> [Task instructions]
Write out the lines of the material below exactly, beginning at the line with "ふむ……ではユーザー、席に着" and stopping after the line with "江鈴國五危險品車整車型號JH", and leave out the pictures.

> [Data supplied]

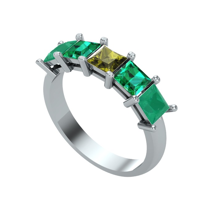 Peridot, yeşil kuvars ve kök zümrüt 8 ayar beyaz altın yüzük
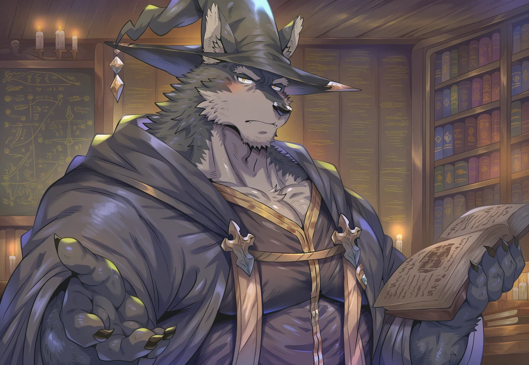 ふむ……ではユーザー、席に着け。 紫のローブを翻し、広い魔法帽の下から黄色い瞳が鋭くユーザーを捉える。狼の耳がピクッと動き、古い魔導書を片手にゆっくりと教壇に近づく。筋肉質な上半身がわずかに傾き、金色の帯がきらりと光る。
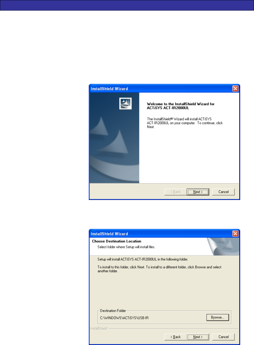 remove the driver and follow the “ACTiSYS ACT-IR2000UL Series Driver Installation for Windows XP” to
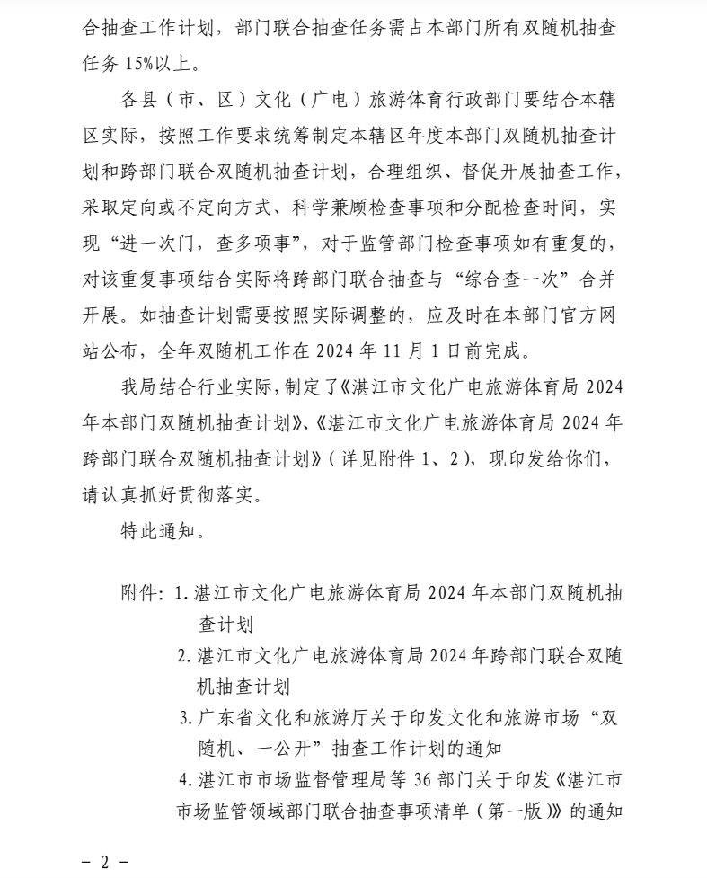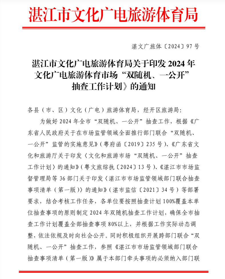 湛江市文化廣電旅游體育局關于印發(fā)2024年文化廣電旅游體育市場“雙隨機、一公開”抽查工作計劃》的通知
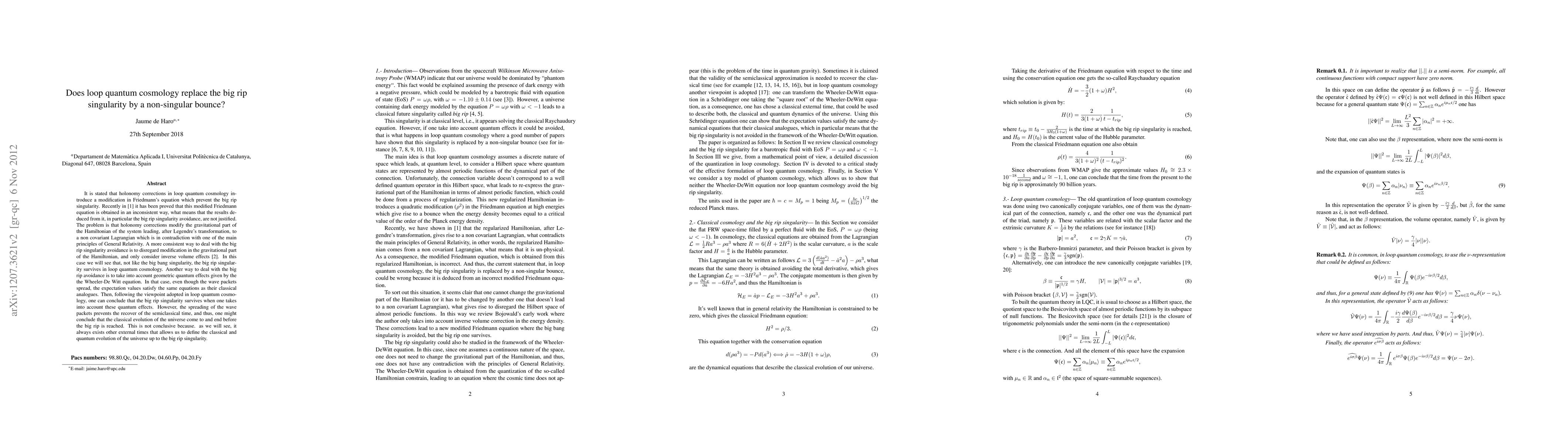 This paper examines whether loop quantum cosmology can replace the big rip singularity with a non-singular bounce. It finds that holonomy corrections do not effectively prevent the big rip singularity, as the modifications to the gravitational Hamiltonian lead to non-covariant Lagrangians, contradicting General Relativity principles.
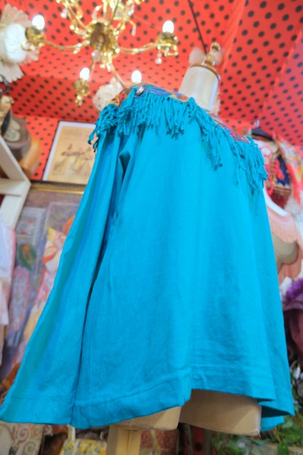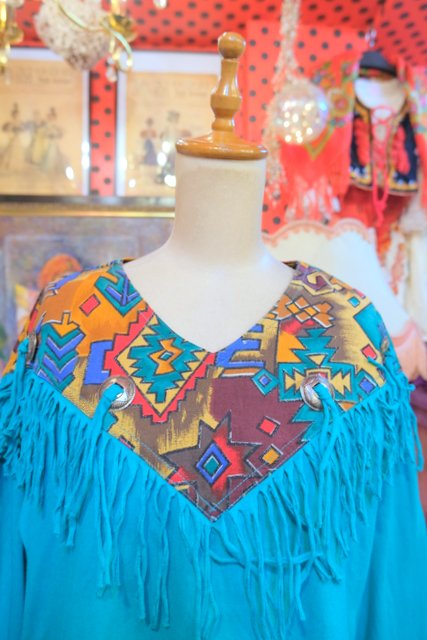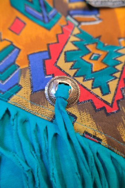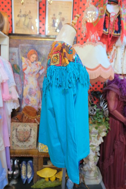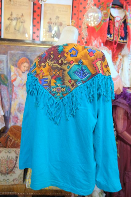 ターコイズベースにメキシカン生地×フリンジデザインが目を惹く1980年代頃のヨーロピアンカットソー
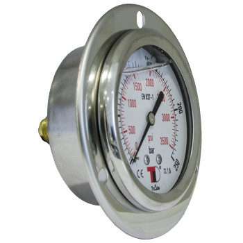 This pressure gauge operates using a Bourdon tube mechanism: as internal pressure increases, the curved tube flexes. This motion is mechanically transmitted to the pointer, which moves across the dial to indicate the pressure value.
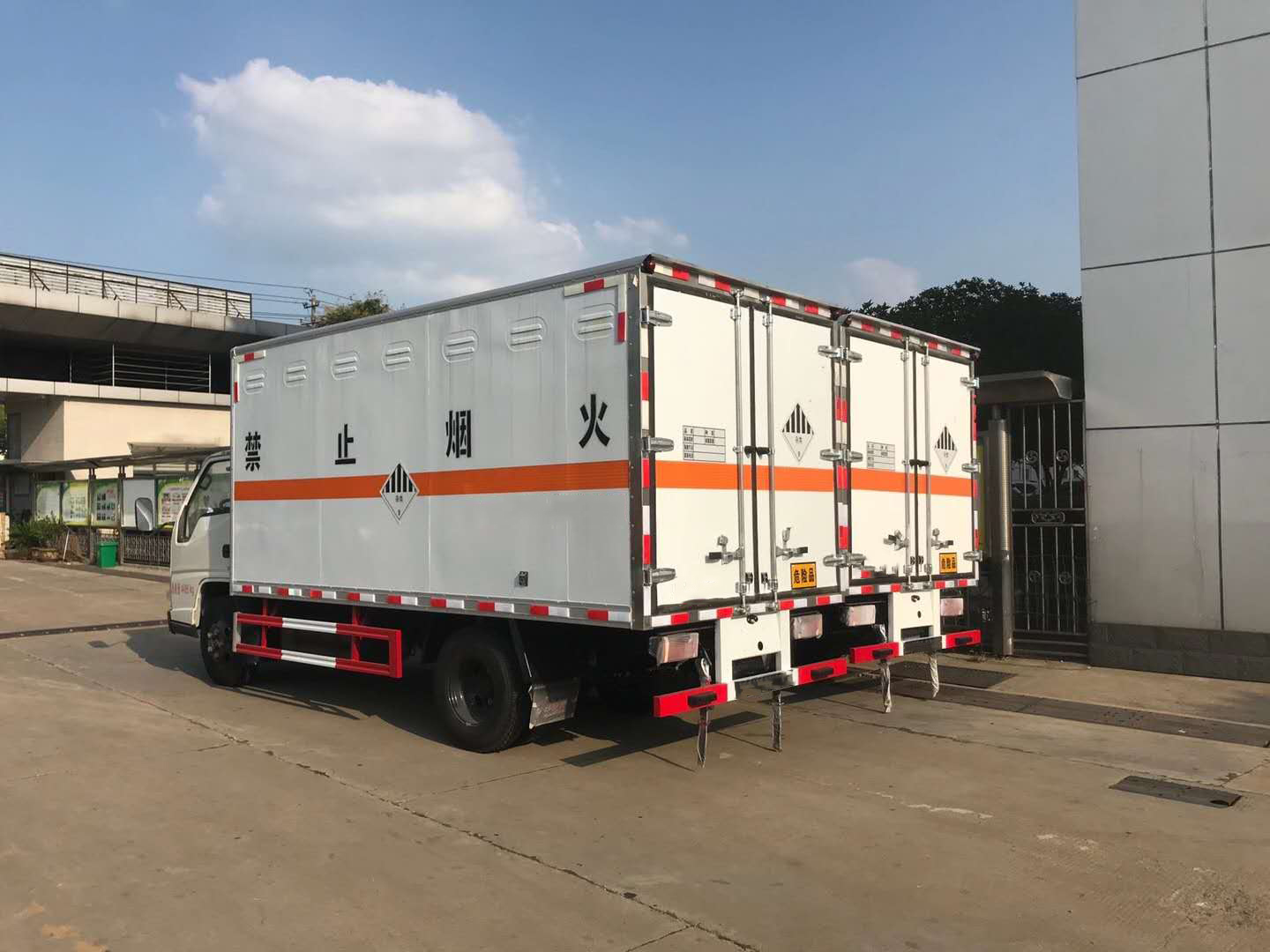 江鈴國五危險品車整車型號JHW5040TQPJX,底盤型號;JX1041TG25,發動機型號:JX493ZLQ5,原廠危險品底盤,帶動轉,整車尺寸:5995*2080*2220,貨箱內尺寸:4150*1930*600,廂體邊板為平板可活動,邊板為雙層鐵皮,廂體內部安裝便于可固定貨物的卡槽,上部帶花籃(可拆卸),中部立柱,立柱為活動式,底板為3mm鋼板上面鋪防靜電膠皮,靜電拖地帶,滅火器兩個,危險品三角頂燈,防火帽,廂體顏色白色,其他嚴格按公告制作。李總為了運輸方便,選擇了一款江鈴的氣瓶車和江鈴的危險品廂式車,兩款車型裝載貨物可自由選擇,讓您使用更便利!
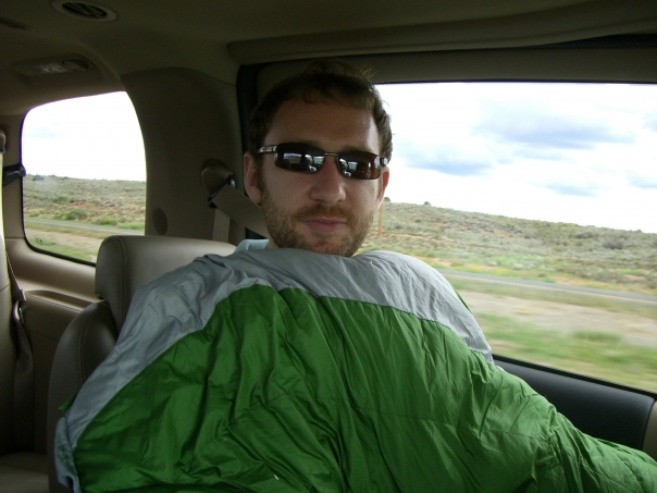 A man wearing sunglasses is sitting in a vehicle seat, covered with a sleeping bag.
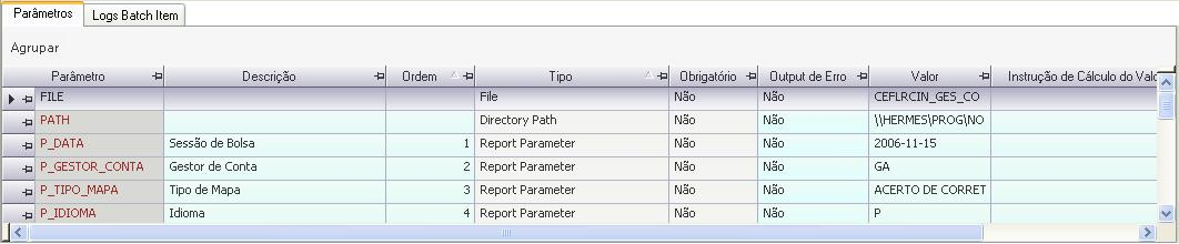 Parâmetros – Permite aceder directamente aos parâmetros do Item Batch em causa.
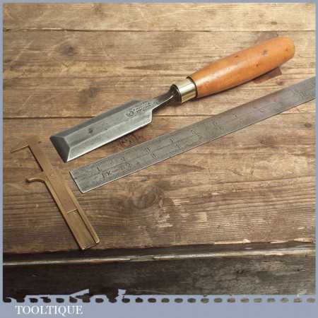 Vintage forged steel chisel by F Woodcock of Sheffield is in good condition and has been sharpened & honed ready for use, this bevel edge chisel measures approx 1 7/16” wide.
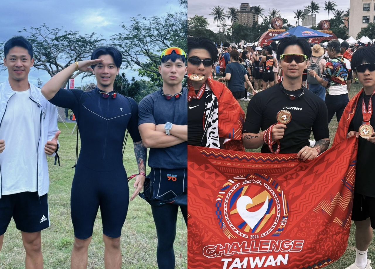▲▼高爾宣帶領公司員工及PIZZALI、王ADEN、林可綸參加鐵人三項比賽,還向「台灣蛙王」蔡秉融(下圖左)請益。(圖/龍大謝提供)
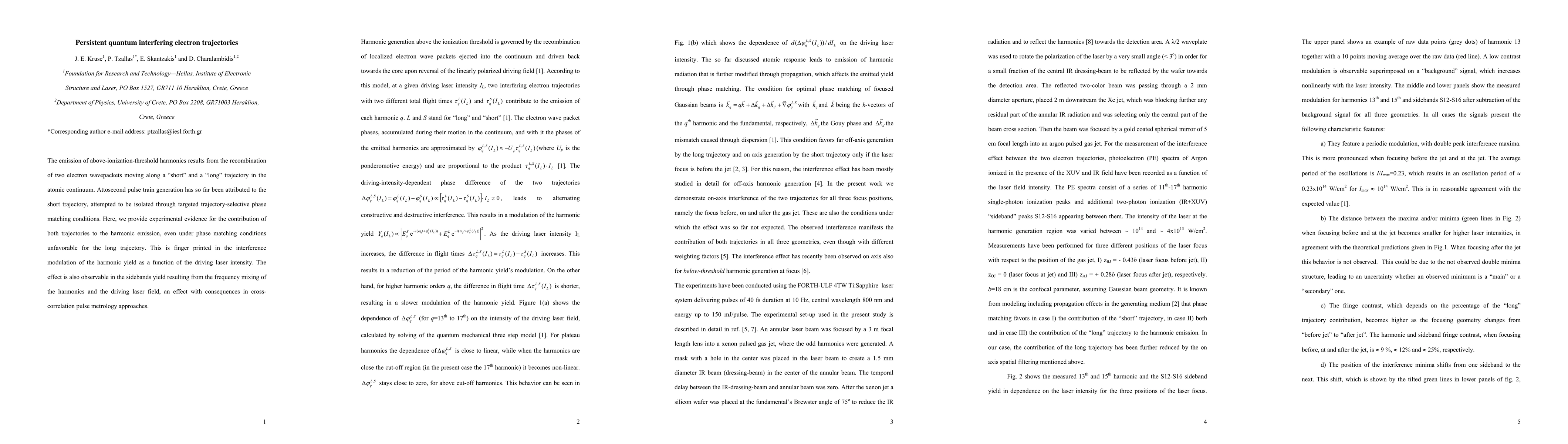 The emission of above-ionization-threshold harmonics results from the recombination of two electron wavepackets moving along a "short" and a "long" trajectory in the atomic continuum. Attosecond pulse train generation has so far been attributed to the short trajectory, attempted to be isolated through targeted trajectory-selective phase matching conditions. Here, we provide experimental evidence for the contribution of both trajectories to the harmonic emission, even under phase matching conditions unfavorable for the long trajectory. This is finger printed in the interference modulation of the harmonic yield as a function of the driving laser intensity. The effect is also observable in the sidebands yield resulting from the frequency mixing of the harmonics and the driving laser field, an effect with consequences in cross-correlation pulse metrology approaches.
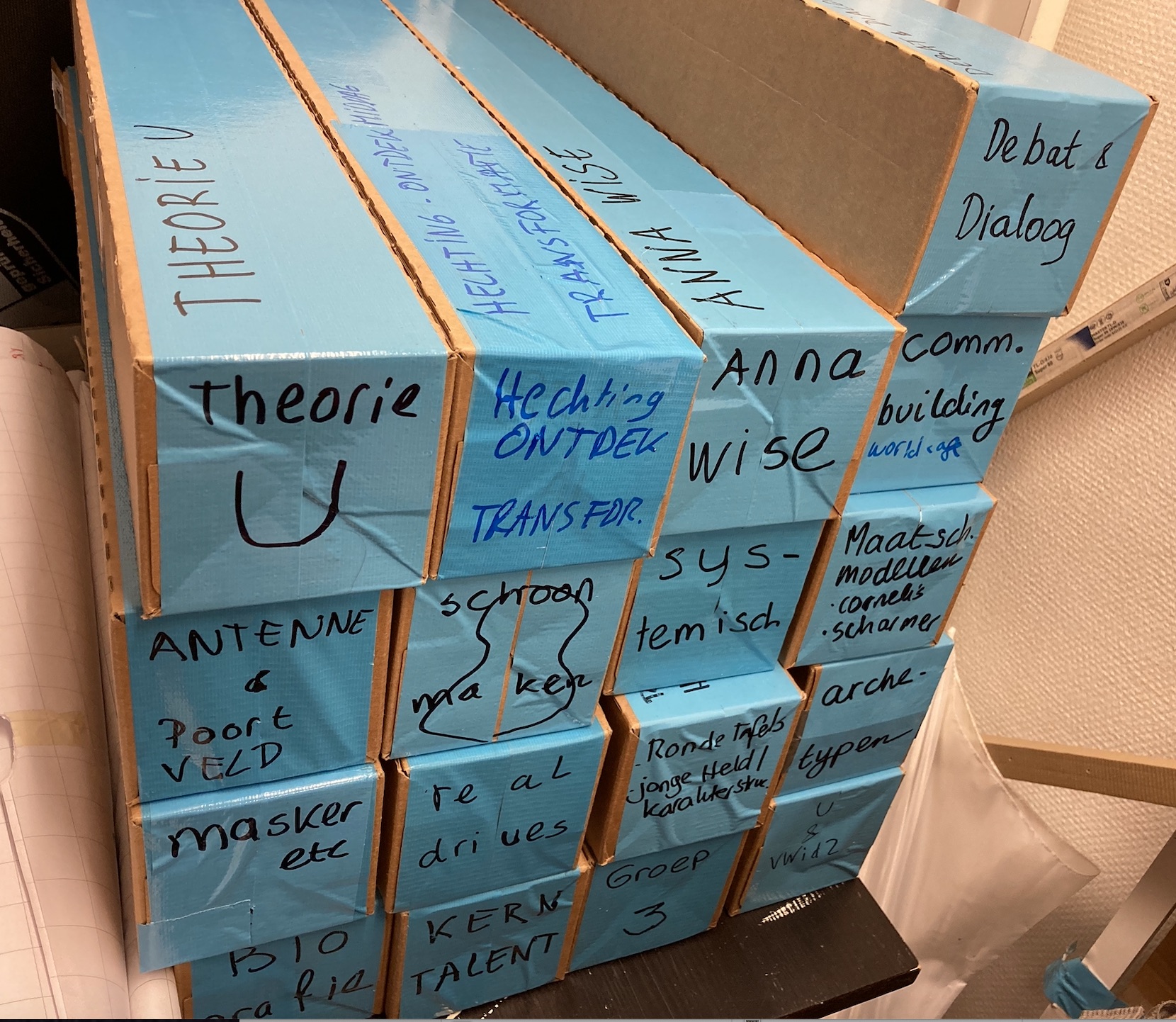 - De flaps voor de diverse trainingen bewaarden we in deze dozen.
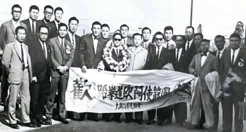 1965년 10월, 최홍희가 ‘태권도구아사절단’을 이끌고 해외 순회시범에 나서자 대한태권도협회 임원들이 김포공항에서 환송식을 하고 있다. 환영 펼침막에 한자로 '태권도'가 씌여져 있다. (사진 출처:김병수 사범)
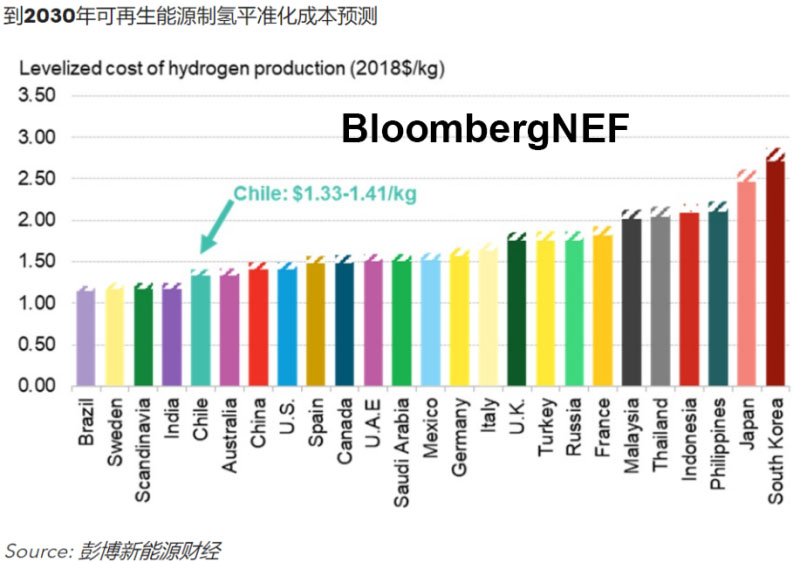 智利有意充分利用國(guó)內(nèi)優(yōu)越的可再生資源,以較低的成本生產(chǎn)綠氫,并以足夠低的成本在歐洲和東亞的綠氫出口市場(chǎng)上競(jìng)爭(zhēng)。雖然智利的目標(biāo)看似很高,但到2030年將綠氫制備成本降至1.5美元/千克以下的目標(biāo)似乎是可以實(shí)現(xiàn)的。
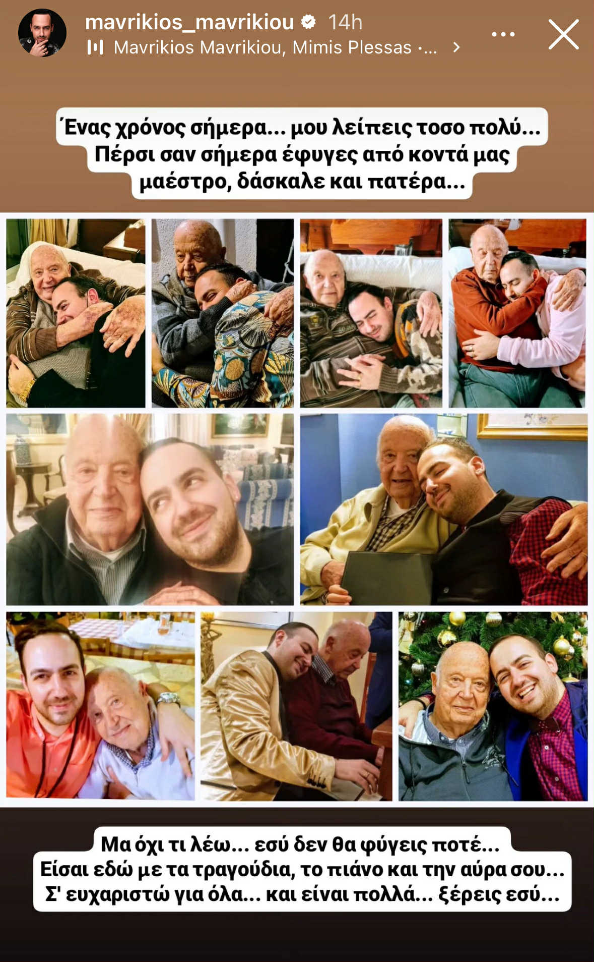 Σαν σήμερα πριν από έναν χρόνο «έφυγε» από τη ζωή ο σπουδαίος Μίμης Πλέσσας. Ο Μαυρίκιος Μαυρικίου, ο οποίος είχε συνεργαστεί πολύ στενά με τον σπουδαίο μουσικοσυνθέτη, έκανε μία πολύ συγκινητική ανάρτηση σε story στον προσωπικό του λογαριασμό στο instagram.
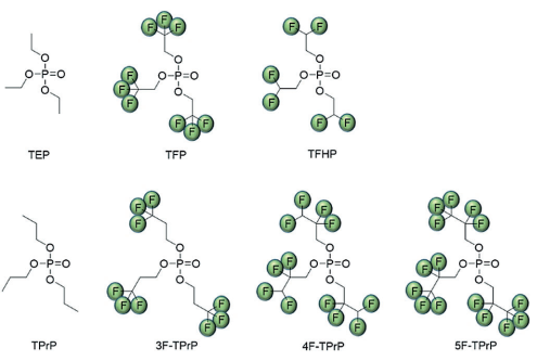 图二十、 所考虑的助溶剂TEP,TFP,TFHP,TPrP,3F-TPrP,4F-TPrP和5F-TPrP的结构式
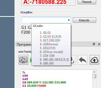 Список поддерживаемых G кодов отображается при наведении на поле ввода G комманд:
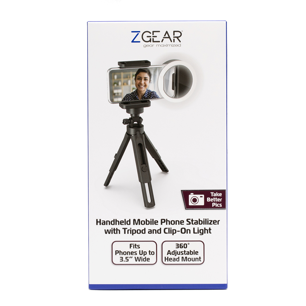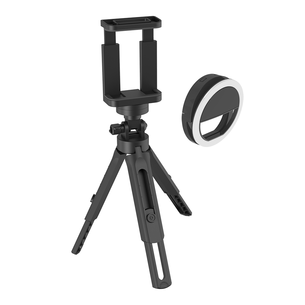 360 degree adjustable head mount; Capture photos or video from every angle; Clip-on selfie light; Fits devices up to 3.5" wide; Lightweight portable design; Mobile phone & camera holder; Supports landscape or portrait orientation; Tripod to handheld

> [Task result]
 ふむ……ではユーザー、席に着け。 紫のローブを翻し、広い魔法帽の下から黄色い瞳が鋭くユーザーを捉える。狼の耳がピクッと動き、古い魔導書を片手にゆっくりと教壇に近づく。筋肉質な上半身がわずかに傾き、金色の帯がきらりと光る。
 remove the driver and follow the “ACTiSYS ACT-IR2000UL Series Driver Installation for Windows XP” to
 湛江市文化廣電旅游體育局關于印發(fā)2024年文化廣電旅游體育市場“雙隨機、一公開”抽查工作計劃》的通知
 This paper examines whether loop quantum cosmology can replace the big rip singularity with a non-singular bounce. It finds that holonomy corrections do not effectively prevent the big rip singularity, as the modifications to the gravitational Hamiltonian lead to non-covariant Lagrangians, contradicting General Relativity principles.
 ターコイズベースにメキシカン生地×フリンジデザインが目を惹く1980年代頃のヨーロピアンカットソー
 This pressure gauge operates using a Bourdon tube mechanism: as internal pressure increases, the curved tube flexes. This motion is mechanically transmitted to the pointer, which moves across the dial to indicate the pressure value.
 江鈴國五危險品車整車型號JHW5040TQPJX,底盤型號;JX1041TG25,發動機型號:JX493ZLQ5,原廠危險品底盤,帶動轉,整車尺寸:5995*2080*2220,貨箱內尺寸:4150*1930*600,廂體邊板為平板可活動,邊板為雙層鐵皮,廂體內部安裝便于可固定貨物的卡槽,上部帶花籃(可拆卸),中部立柱,立柱為活動式,底板為3mm鋼板上面鋪防靜電膠皮,靜電拖地帶,滅火器兩個,危險品三角頂燈,防火帽,廂體顏色白色,其他嚴格按公告制作。李總為了運輸方便,選擇了一款江鈴的氣瓶車和江鈴的危險品廂式車,兩款車型裝載貨物可自由選擇,讓您使用更便利!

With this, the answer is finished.